The pork barrel scandal has destroyed the image that Enrile built for himself over the years, from his notoriety in his role as implementor of martial law into a Bible-bearing Christian. His handling of the impeachment trial of former Supreme Court chief justice Renato Corona earned him praises. But the PDAF scam brought it all down.
Jinggoy Estrada, born as José Pimentel Ejército, Jr., may not have earned a degree in law but his official resume said that he earned an AB Economics degree from UP Manila and took up law for four years at the Lyceum of the Philippines while serving as vice mayor of San Juan. The Laguna State Polytechnic University gave him a doctorate in humanities “in recognition of his academic excellence and socio-civic achievements as public servant.”
His resume in the Senate website said Estrada “is very much focused in keeping his commitment to the Filipino masa to do his very best as a legislator and as a public servant in securing a future far better than what we are all made to contend with, today.”
Ramon “Bong” Revilla Jr., born as José Marie Mortel Bautista, was described in his official resume as “an icon of a man of action and defender of the poor and the oppressed.”
In 1979, he finished his elementary education at Jesus Good Shepherd School in Palico II, Imus, Cavite. He finished his secondary education at Fairfax High School (Los Angeles) at Los Angeles, California, United States in 1982. Because of his performance as public servant, he was conferred doctorate degrees (Honoris Causa) in Public Administration by the Cavite State University and in Humanities by the Nueva Vizcaya University.
All three certainly have good academic backgrounds and decent pledges as senators. But what have they done to their oaths of office? They certainly know the laws but conveniently disregarded those probably because they thought they would not be caught.
When they entered public office, they should have been aware of the provisions of Republic Act No. 6713, or the Code of Conduct and Ethical Standards for Government Officials and Employees, and RA 3019, or the Anti-Graft and Corrupt Practices Act.
The accusations against the three senators are not simple cases of misbehaviour. Plunder as defined and penalized under RA 7080, as enacted in 1991, is a serious crime that cannot just be forgiven and forgotten. Violators deserve to rot in jail for depriving the public of the opportunities and services that should have been funded by the monies that enriched them.
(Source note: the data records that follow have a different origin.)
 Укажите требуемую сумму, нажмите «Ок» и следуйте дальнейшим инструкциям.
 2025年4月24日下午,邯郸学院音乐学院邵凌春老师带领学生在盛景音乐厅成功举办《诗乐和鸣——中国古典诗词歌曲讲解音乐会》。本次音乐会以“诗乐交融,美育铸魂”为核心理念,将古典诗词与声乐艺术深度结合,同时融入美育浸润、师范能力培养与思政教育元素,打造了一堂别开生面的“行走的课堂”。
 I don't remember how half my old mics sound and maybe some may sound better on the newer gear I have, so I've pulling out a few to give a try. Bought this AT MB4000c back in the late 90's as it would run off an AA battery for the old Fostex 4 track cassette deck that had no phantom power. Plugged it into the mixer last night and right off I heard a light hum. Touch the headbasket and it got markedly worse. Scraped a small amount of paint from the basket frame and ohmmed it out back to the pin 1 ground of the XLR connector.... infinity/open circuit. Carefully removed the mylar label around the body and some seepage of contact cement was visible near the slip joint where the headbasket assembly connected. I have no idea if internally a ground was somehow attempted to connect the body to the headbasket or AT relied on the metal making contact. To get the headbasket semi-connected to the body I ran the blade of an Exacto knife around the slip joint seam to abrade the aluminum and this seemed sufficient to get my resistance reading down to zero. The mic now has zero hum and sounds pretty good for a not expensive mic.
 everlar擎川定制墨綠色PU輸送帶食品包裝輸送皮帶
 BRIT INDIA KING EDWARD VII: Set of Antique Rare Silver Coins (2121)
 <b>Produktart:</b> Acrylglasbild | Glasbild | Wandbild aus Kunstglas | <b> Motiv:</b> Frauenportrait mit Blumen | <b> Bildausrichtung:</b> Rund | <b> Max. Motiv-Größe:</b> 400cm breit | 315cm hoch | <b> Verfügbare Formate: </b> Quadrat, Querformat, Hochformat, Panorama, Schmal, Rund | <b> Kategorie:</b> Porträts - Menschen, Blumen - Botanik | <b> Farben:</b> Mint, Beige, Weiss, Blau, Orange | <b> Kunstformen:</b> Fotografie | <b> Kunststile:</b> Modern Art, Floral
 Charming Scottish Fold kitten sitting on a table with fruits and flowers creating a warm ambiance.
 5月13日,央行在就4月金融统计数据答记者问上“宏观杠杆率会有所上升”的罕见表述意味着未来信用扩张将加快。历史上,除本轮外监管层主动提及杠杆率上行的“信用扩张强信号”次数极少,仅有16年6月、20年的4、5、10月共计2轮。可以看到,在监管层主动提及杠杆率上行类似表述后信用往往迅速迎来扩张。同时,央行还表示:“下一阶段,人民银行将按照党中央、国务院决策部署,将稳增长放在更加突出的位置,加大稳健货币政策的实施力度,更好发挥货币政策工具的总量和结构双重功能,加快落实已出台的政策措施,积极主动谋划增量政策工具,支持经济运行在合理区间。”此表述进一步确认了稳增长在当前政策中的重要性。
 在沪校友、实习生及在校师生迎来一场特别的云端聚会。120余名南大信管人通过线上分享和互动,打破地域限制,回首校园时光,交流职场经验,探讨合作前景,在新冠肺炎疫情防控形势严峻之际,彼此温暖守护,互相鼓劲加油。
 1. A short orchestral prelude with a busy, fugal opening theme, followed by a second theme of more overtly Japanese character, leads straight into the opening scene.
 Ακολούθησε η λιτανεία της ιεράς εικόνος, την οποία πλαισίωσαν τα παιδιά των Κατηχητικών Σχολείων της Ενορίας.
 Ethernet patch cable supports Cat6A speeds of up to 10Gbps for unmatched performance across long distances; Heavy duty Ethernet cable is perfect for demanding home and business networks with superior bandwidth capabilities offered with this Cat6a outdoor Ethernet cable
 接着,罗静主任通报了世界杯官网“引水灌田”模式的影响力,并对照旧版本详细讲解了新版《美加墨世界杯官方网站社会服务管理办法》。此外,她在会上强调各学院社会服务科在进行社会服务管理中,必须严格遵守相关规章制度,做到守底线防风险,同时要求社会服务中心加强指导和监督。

They surely have yet to be found guilty or not. But their actions and words in responding to the testimonies and pieces of evidence that have so far been brought out against them are not convincing enough to make us believe they were innocent.
Instead of coming out with proof that their hands were clean, all three separately and through PR works tried to muddle the issues by trying to create scenarios and involve other people into the mess.
Considering that many politicians, government officials and employees, as well as private individuals are involved in this labyrinthine plunder of the public coffers, should we just ask them to repent and reform, and then, forgive and forget what they had done?
Lest we forget, the three senators were nurturing dreams to become president of the country.